We need light to see and now a new gene therapy is restoring sight by sort of lighting up certain people's vision.
These people are suffering from RP, or retinal pigmentosa, a group of rare genetic disorders where certain genes that encode instructions for proteins are mutated. When these proteins malfunction, the two types of cells in the retina that detect light, rods and cones, are slowly lost.
In the new treatment, the gene being targeted is RPE65. Its protein is involved in a process called the visual cycle which is triggered by light entering the eye.
The cycle begins when a molecule similar to vitamin A is converted to another molecule called all-trans retinal. This conversion tells the eye to send electrical signals that transmit images to the brain.
But for us to continue to see, the RPE65 protein has to return the all-trans retinal back into the vitamin-A like molecule so it is ready to go again.

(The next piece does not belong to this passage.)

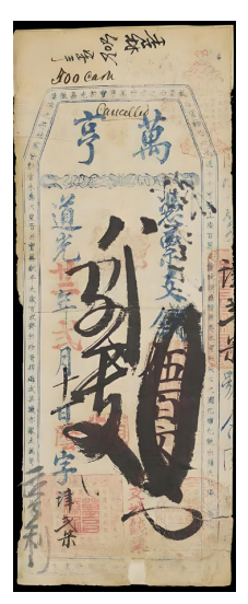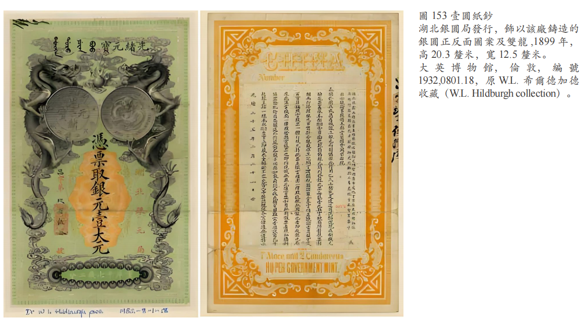 在中國發行外國紙幣也促使清廷及各省官府開始效仿西方技術印製發行官方紙幣(圖153)。1898年,中國通商銀行在北京、上海、廣州設立分行發行銀元券 ;1896年,清廷的鐵路局亦開始發行紙鈔 ;至1907年,清政府戶部更直接設立“大清戶部銀行”發行官票。

This cycle does not happen when the protein malfunctions, so the new therapy targets the protein by using an engineered virus called AAV.

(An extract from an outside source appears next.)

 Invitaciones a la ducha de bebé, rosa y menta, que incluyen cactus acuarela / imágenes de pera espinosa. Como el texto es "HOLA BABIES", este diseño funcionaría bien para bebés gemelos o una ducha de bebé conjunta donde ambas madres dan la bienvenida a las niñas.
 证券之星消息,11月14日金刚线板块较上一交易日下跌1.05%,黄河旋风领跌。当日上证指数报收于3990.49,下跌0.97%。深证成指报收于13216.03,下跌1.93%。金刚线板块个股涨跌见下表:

It's engineered to carry the normal form of the RPE65 gene. The engineered viruses are surgically introduced into the eye where they infect cells and begin making normal RPE65 proteins to correct the defect.
In a clinical trial involving 21 people, all showed improved sensitivity to light. Some nearly blind patients had restored sight even three years after the therapy. The treatment may be approved in 2016, but at one-hundred grand, most people can't afford it.
But we're excited that the treatment could benefit other similar genetic vision disorders, and that this is a gene therapy that works.